Wednesday, February 18, 2009

Putting the Biofuels eggs in one basket

The following quote comes from a Reuters story on a biofuels conference.
New-generation biofuels will come from a wide range of sources and no single feedstock may dominate, a conference on second generation biofuels organized by German commodity analysts F.O. Licht heard on Friday.
This makes me question why would we want one feedstock to dominate? There are good diversification reasons to want the opposite. Not being totally dependent on one crop of biomass will help stabilize supply. Suppose theoretically everything is based on corn. When the corn crop is devastated one year due to weather, disease , or insects; then the fuel supply (not to mention the US food supply) would be very hard hit. Same would hold true if the crop were jatropha, grasses, etc.

The point being that you don't want to depend on one single crop or geographical region for your biofuel any more than you want to invest only in companies named Enron or Bear Sterns. Diversification is good; hence the old saying "Don't put all your eggs in one basket."

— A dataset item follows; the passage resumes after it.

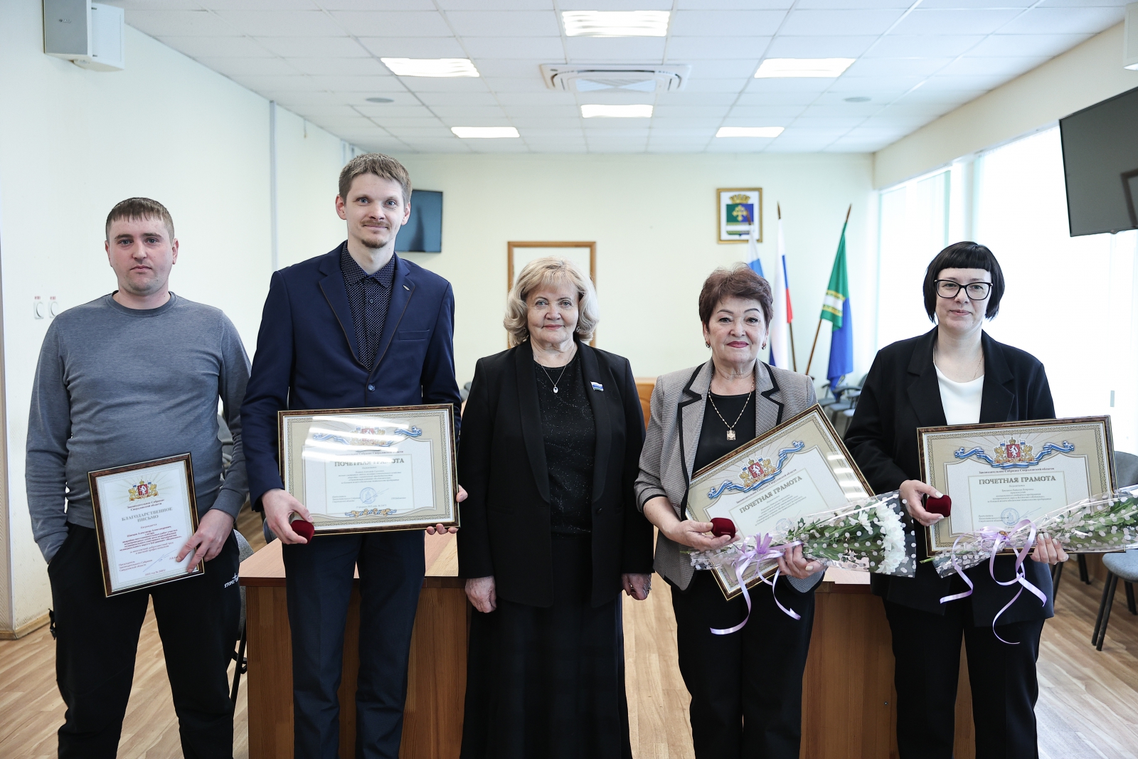 Спикер Заксобрания также поздравила с прошедшим на днях Днём работников бытового обслуживания населения и жилищно-коммунального хозяйства специалистов этой сферы. Лучшим из них вручила грамоты и благодарственные письма Законодательного Собрания Свердловской области.

Another item in this article struck me as odd.
They fuels would have to show a technical performance equivalent to fossil fuels, offer improved carbon dioxide savings and come from abundant and cheap biomass to make them sustainable and competitively-priced without subsidies, Blondy said.
That is phrased to imply that fossil fuels are sustainable and biofuels are not sustainable; when the opposite is true. I think the concern is producing enough biomass to create enough biofuels to replace fossil fuels. If we can't do that, then there is a fundamental question of are we using our fuel sources responsibly? If we use more than we can replace, then the answer is no. If that is the case then more effort needs to be placed on efficiency improvements and there is considerable room for improvement.